Instructor(s): Kristen Carpenter

Credits: 2

Meeting Times & Locations:
   Tue   4:15 PM - 5:55 PM   WOLF 303

Description:
Cultural Property Law Seminar
Course Description

This seminar is devoted to the study of cultural property, meaning those things, both tangible and intangible, that are of such great and particular significance to the identity, experience, or survival of a people that they may deserve legal protection. From disputes about American Indian graves to the looting of the National Museum of Iraq, the seminar will consider contemporary cultural property claims against an emerging international and domestic legal framework of treaties, conventions, statutes, regulatory, and decisional law.
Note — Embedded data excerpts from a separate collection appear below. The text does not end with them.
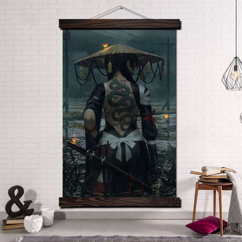 Plongé au milieu de la nuit ce tableau japonais moderne samouraï nous fait entrer dans un univers très particulier avec son samouraï au tatouage de dragon.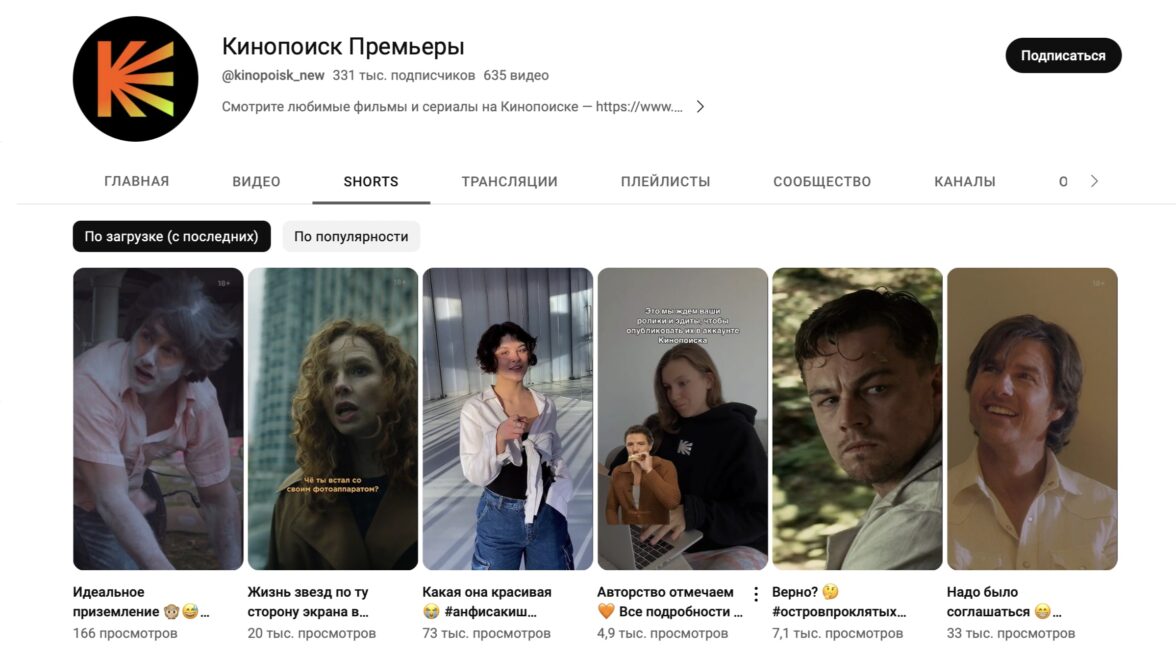 Онлайн-кинотеатры не упускают тренд на вертикальные видео и используют их в продвижении своего контента. Так на канале «Кинопоиск. Премьеры» в разделе SHORTS публикуются яркие моменты из свежих фильмов и сериалов. Это интригует пользователей, которые хотят посмотреть полную версию и оформляют подписку на сервис.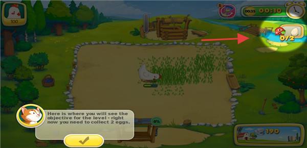 3、在这里你会看到这个关卡的目标,现在你需要收集2个鸡蛋。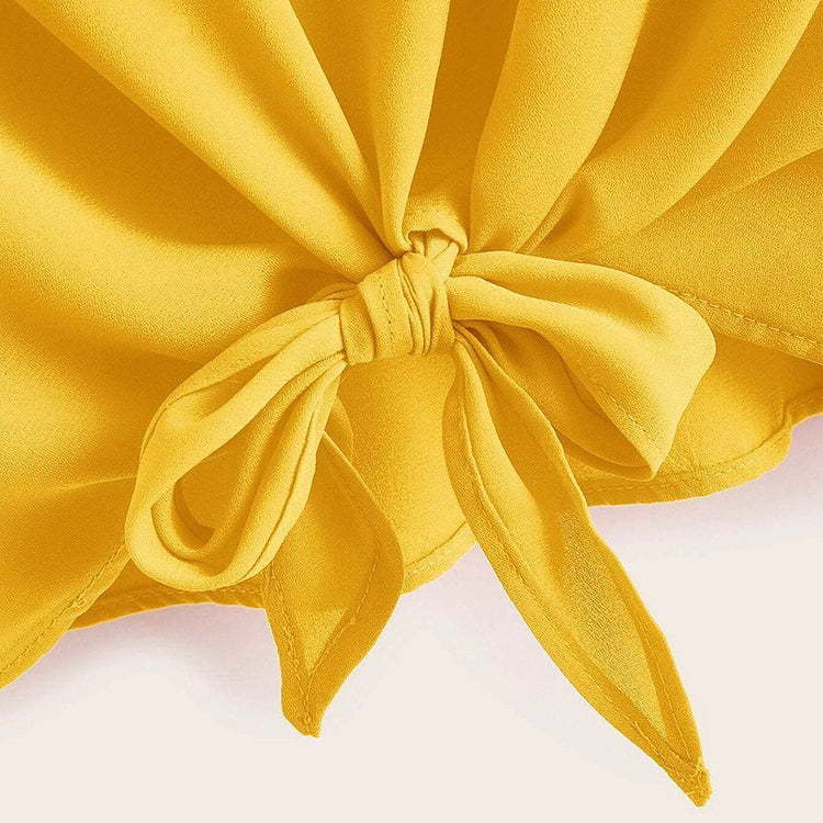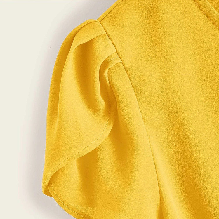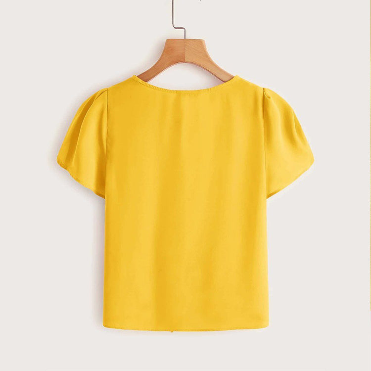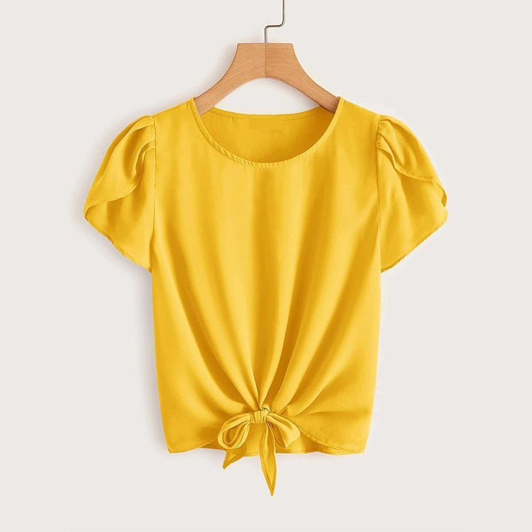 A graceful double georgette top consisting Tie Front, in Yellow color with petal sleeves and a round neck.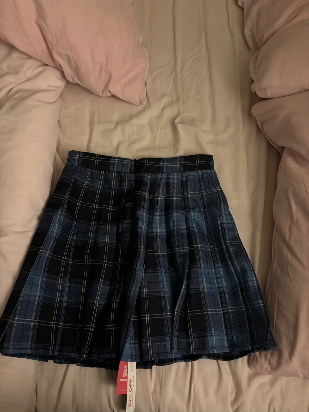 A blue and black plaid pleated mini skirt. It has a zipper closure at the back. This skirt is perfect for creating a classic academic look.
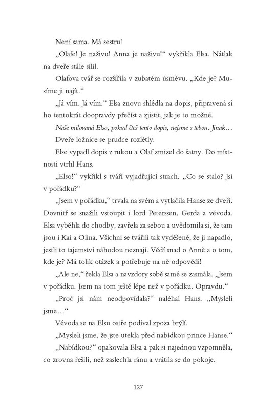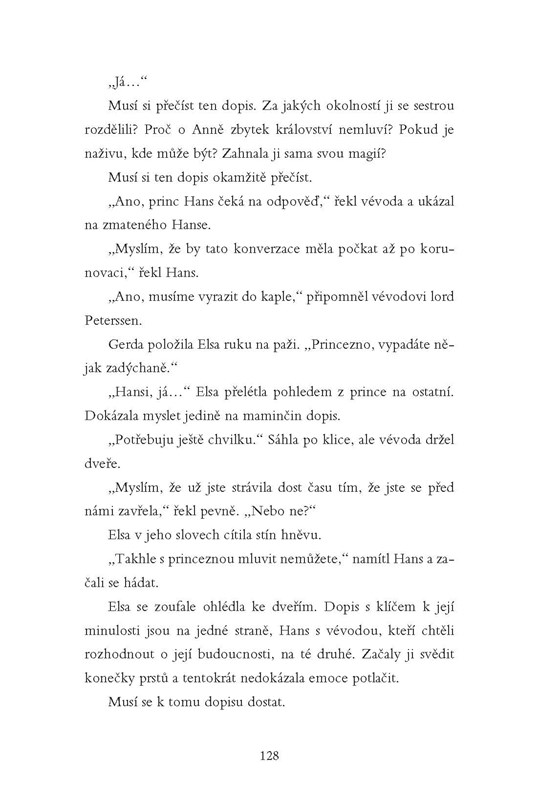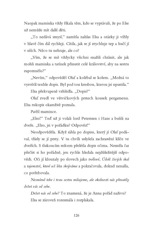 Po nečekané smrti svých rodičů se z Elsy stane jediný vládce Arendelle a vše magické začne vyplouvat na povrch. Elsa si začne vybavovat zlomky svého dětství, na něž už dávno zapomněla… Střípky a úlomky, které dohromady skládají obrázek něčím povědomé dívky. Elsa se odhodlaně vrhne do dobrodružství, jež má vyplnit chybějící části jejího života, a vydá se přes celé království, aby odvrátila děsivou kletbu… a nalezla další princeznu Arendelle.

The seminar will examine such questions as: Can cultural property be protected under existing real and intellectual property law? How do cultural property claims relate to civil and human rights? To what extent should a group's cultural interests be balanced against competing claims of free speech, scientific research, and the concept of the “cultural commons”? How should parties practically approach cultural property disputes as a matter of custom, governance, negotiation, or litigation? Although the seminar will examine the cultural property of groups in general, it will emphasize indigenous peoples, with particular exposure to the law on American Indian sacred sites, language, religion, arts, and traditional knowledge. After introductory material and several guest speakers, each student will select a paper topic and devote much of the semester to research, writing, and presenting the paper.